Since completing my rewrite of xenoncat's performance quadrupling CPU solver (winning a double bounty) in the form of mean_miner.cpp, I've been slowly grinding away at porting that code to CUDA.
I consider myself an amateur GPU coder, having previously ported the latency bound lean_miner to CUDA (and having to pay a bounty to fellow Dutchman Genoil for improving performance by merely tweaking the threads-per-block which I had naively fixed at 1), as well as my own Equihash miner submission to the Zcash Open Source Miner Challenge. That Equihash CUDA miner achieved a paltry 27.2 Sol/s on an NVIDIA GTX 980, matching the performance of my Equihash CPU solver. But it did serve as the basis for far more capable rewrites such as this Nicehash miner by Leet Softdev (a.k.a. djezo), which achieves around 400 Sol/s on similar hardware.

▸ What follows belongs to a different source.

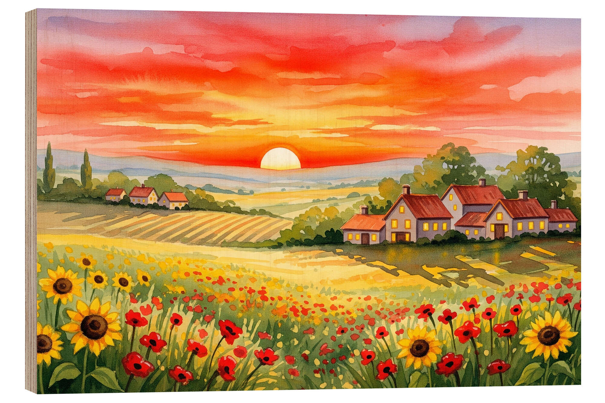 Holzbild Sonnenuntergang auf den Feldern
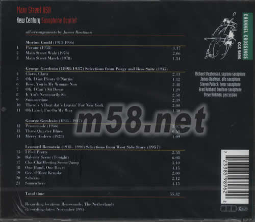 MORLON GOULD (1913-1996) 1.PAVANE(1938) 2.MAIN STREET WALZ(1978) 3.MAIN SUREET MAREH(1978) GEORGE GERSHWIN(1898-1937)SELETIONS FROM PORGY AND BESS SUITE(1935) 4.CLARA.CLARA 5.OH .L GOT PLENTY O'NUTTIN 6.BESS,YOU IS MY WOMAN NOW 7.OH.I GAN'T SIT DOWN 8.IT AIN 'T NECESSARILY SO 9.SUMMERTINE 10.THERE'S A BOAT DAT'S LEAVIN'LEAVIN'FOR NEW YORK 11.OH LAWD.I'MON MY WAY GEORGE GERSHWIN(1898-1937) 12.PROMENADE(1936) 13.THREE QUARLER BLUES 14.MERRY ANDREW(1928) LEONARD BERNSLEIN(1918-1990)SELEETIONS FROM WEST SIDE SIORY(1957) 15.I FEEL PRETTY 16.BALCONY SEENE(TONIGHT) 17.CHA-CHA/MEETING SCENE/JUMP 18.OUE HAND.ONE HEART 19.GEE.OFFICER KRUPKE 20.SEHERZO 21.SOMEWHERE

Unlike my other, more generic solvers, this one is written to target only billion-node (2^30 to be precise) graphs, which is how Cuckoo Cycle will be deployed in the upcoming cryptocurrencies Aeternity and Grin. The reason I recommended deployment at this size is that it's the largest one that a majority of GPUs can handle. Indeed, with the -b 64 option, the solver uses 3.95 GB. Throwing more memory at this solver doesn't help that much; the default setting gains less than 5% while using 5.4GB. Changing settings to allow it to run within 3GB however imposes a huge penalty, more than halving performance.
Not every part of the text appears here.